TRANSFER, TRANSMISSION
The scope of transfer of securities have been widened under section 56 of the Act to include all the
securities of the company and * sub-sections not notified 32 Share Capital and Debentures the interest
of a member in the company in the case of a company not having no share capital. General Condition:
The section provides that a company shall not register a transfer of securities, other than the transfer
between persons both of whose names are entered as holders of beneficial interest in the records of a
depository, unless a proper instrument of transfer, in such form as may be prescribed. Such form shall
be duly stamped, dated and executed by or on behalf of the transferor and the transferee, and
specify the name, address and occupation, if any, of the transferee. Under the rules an instrument of
transfer of securities held in physical form shall be in Form No.
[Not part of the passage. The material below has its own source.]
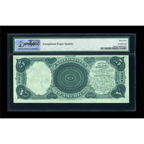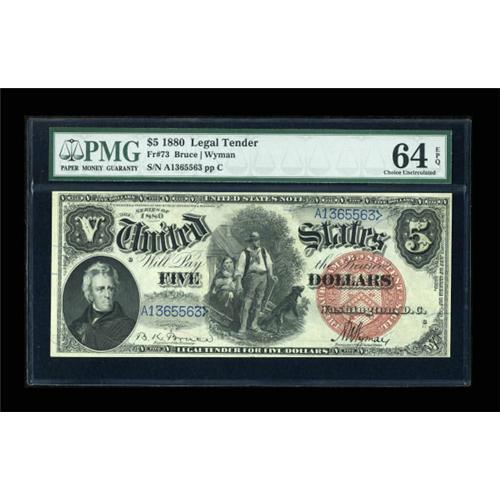 <B>Fr. 73 $5 1880 Legal Tender PMG Choice Uncirculated 64 EPQ.</B></I> The "Exceptional Paper Quality" comment adds considerably to the value of this high-end Choice Large Red Seal Pioneer Five. With a touch more margin at the right-end of the bottom, this piece would have certainly rated the full Gem grade.<BR><BR><b>Shipping:</b> Coins & Currency (<a target="_blank" href="http://www.heritageauctions.com/common/shipping.php">view shipping information</a>)

SH-4 and every instrument of transfer
with the date of its execution specified thereon shall be delivered to the company within sixty days from
the date of such execution. In the case of a company having no share capital, the provisions aforesaid
rule shall apply to the interest of the member in the company. Time period: Aforesaid form shall be
delivered to the company by the transferor or the transferee within a period of sixty days from the date
of execution, along with the certificate relating to the securities, or if no such certificate is in existence,
along with the letter of allotment of securities. Loss of instrument: Where the instrument of transfer has
been lost or the instrument of transfer has not been delivered within the prescribed period i.e. within
sixty days from date of execution, the company may register the transfer on such terms as to indemnity
as the Board may think fit. Partly paid up Shares: The section provides that where an application is made
by the transferor alone and relates to partly paid shares, the transfer shall not be registered, unless the
company gives the notice of the application, in such manner as may be prescribed, to the transferee and
the transferee gives no objection to the transfer within two weeks from the receipt of notice. According
to Rules a company shall not register a transfer of partly paid shares, unless the company has given a
notice in Form No. SH.5 to the transferee and the transferee has given no objection to the transfer
within two weeks from the date of receipt of notice.

Transmission of shares:
On receipt of an intimation of transmission of any right to securities by operation of law from any person to
whom such right has been transmitted the company shall exercise its power to
register the same. Further the section provides that the transfer of any security or
other interest of a deceased person in a company made by his legal
representative shall, even if the legal representative is not a holder thereof, be
valid as if he had been the holder at the time of the execution of the instrument of
transfer. Delivery of securities: The Company shall deliver the certificates of all
securities transferred or transmitted within a period of one month from the date
of receipt by the company of the instrument of transfer or, of the intimation of
transmission. Further the section provides where the securities are dealt with in a
depository, the company shall intimate the details of allotment of securities to
depository immediately on allotment of such securities. Penal Provisions: The
company shall be punishable with fine which shall not be less than twenty-five
thousand rupees but which may extend to five lakh rupees and every officer of
the company who is in default shall be punishable with fine which shall not be less
than ten thousand rupees but which may extend to one lakh rupees.